Whitaker and Kowalski (2015; Study 2) showed that Twitter and Facebook—social media platforms—were the two highest listed venues by which cyberbullying victimization occurs (see also Gorzig and Frumkin, 2013). Moreover, Mesch (2009) showed that youth were more likely to report being cyber-victimized via social media platforms (e.g., chat rooms and social networking websites) than nonsocial media Internet platforms (e.g., online game play). Overall, these findings suggest that being cyber-victimized is more likely to happen on social media platforms; however, there is a paucity of research examining the relationship between social media participation and cyberbullying perpetration. Barlett (2016, 2017) argued that studying the variables that predict cyberbullying perpetration is important because if replicable theory-driven results, regarding the psychological predictors and processes that predict cyberbullying perpetration, are uncovered then interventions can be created or tailored to focus on these variables. The link between social media exposure and cyberbullying, as well as the variables that may mediate this relationship, is yet to be longitudinally tested.
Using descriptive statistics, Hinduja and Patchin (2010) showed that cyberbullying offending was more likely to happen in an online chat room (a social media platform) than via e-mail (a nonsocial media Internet platform).

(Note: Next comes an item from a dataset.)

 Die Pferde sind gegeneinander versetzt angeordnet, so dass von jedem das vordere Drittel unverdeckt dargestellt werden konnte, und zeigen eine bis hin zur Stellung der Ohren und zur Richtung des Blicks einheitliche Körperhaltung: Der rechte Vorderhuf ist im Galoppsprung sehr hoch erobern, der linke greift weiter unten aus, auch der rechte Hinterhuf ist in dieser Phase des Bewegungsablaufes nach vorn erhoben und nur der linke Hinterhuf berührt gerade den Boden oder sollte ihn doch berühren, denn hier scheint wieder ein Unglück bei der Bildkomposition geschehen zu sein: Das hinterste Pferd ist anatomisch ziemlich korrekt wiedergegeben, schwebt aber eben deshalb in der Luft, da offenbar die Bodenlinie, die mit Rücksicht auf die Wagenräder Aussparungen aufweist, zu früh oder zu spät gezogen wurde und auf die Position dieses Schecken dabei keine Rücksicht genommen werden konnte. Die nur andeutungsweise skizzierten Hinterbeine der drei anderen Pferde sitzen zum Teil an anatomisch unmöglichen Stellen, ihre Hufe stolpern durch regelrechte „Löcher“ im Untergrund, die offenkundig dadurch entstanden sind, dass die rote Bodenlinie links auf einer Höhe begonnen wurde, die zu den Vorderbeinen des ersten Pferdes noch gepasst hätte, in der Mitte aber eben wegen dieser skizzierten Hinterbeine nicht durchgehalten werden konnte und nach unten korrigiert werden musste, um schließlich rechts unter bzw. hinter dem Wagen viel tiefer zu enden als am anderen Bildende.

Drawing on this literature, the objective of the current study was to use a longitudinal design with over 3000 (at Wave 1) Singaporean youth to examine the longitudinal relationship between early social networking frequency (i.e., social networking websites and blogs) and later cyberbullying behavior. The cyberbullying behavior that the authors assessed was not specific to harming others exclusively on social media, but rather a broadly assessed construct. Their aim is to make the results of this study generalizable to all types of cyberbullying tactics—not just those perpetrated on social media websites. However, the authors do posit that social media use will be longitudinally correlated with cyberbullying behavior, such that those who are on social media more frequently are also more likely to cyberbully others using the broadest sense of the term.

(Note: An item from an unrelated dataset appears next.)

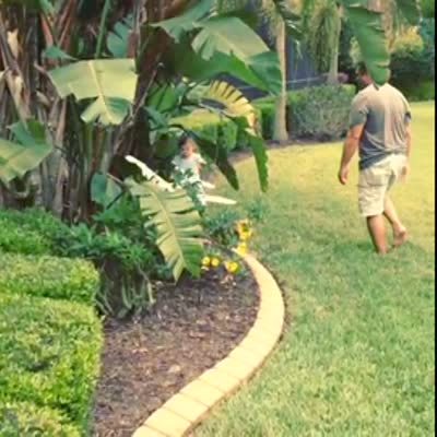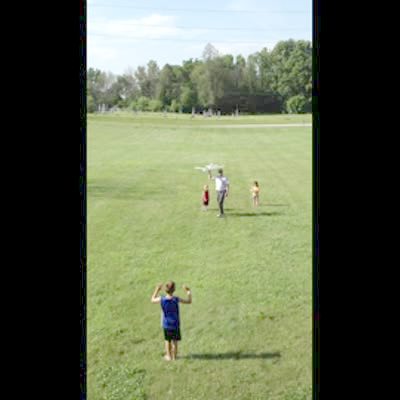 Boy flies remote control plane right into dad's arm. Good hit, no tail

Their theoretical position is that social media exposure at Wave 1 will predict positive cyberbullying attitudes 2 years later (Wave 2), which predicts cyberbullying perpetration in the subsequent year (Wave 3). In other words, the authors predict that the relationship between Wave 1 social media participation and Wave 3 cyberbullying perpetration will be mediated by Wave 2 positive cyberbullying attitudes. Myriad theories applied to explain cyberbullying, including the Theory of Reasoned Action (Doane et al., 2014), Theory of Planned Behavior (Heirman and Walrave, 2012), and the Barlett Gentile Cyberbullying Model (BGCM; Barlett and Gentile, 2012), and longitudinal data (Barlett, 2015; Barlett et al., 2014, 2016; Barlett et al., 2017), all posit the importance of positive cyberbullying attitudes predicting subsequent cyberbullying perpetration. However, it is unknown what role social media participation has on the development of positive cyberbullying attitudes.
Theoretically, the BGCM (Barlett and Gentile, 2012) posits that cyberbullying perpetration is a learned behavior via previous cyberbullying perpetration that facilitates the development of positive cyberbullying attitudes. Once an individual attacks another person using technology, the BGCM posits that the perpetrator may perceive themselves as anonymous (among other learned constructs) due to the online nature of the harmful communication. Many social media platforms either claim to be anonymous (e.g., Yik Yak, Twitter) with the use of handles (pseudonym names) or afford anonymity by necessitating account creation information (e.g., e-mail and name) that can easily be fictitious (e.g., Facebook). Perceived anonymity is one key learned construct that has been reliably shown to predict positive cyberbullying attitudes (Barlett et al., 2016) and serves as one possible avenue by which social media use can predict cyberbullying perpetration. Although the authors did not measure anonymity perceptions in the current study, social media participation may be an additional predictor of cyberbullying attitudes and behavior. Indeed, before examining anonymity as a mediator, it is important to establish that social media use is longitudinally correlated with cyberbullying perpetration and positive cyberbullying attitudes. Specifically, their aim is to examine the relationship between Wave 1 social media participation and Wave 3 cyberbullying perpetration (3 years later) through Wave 2 positive cyberbullying attitudes.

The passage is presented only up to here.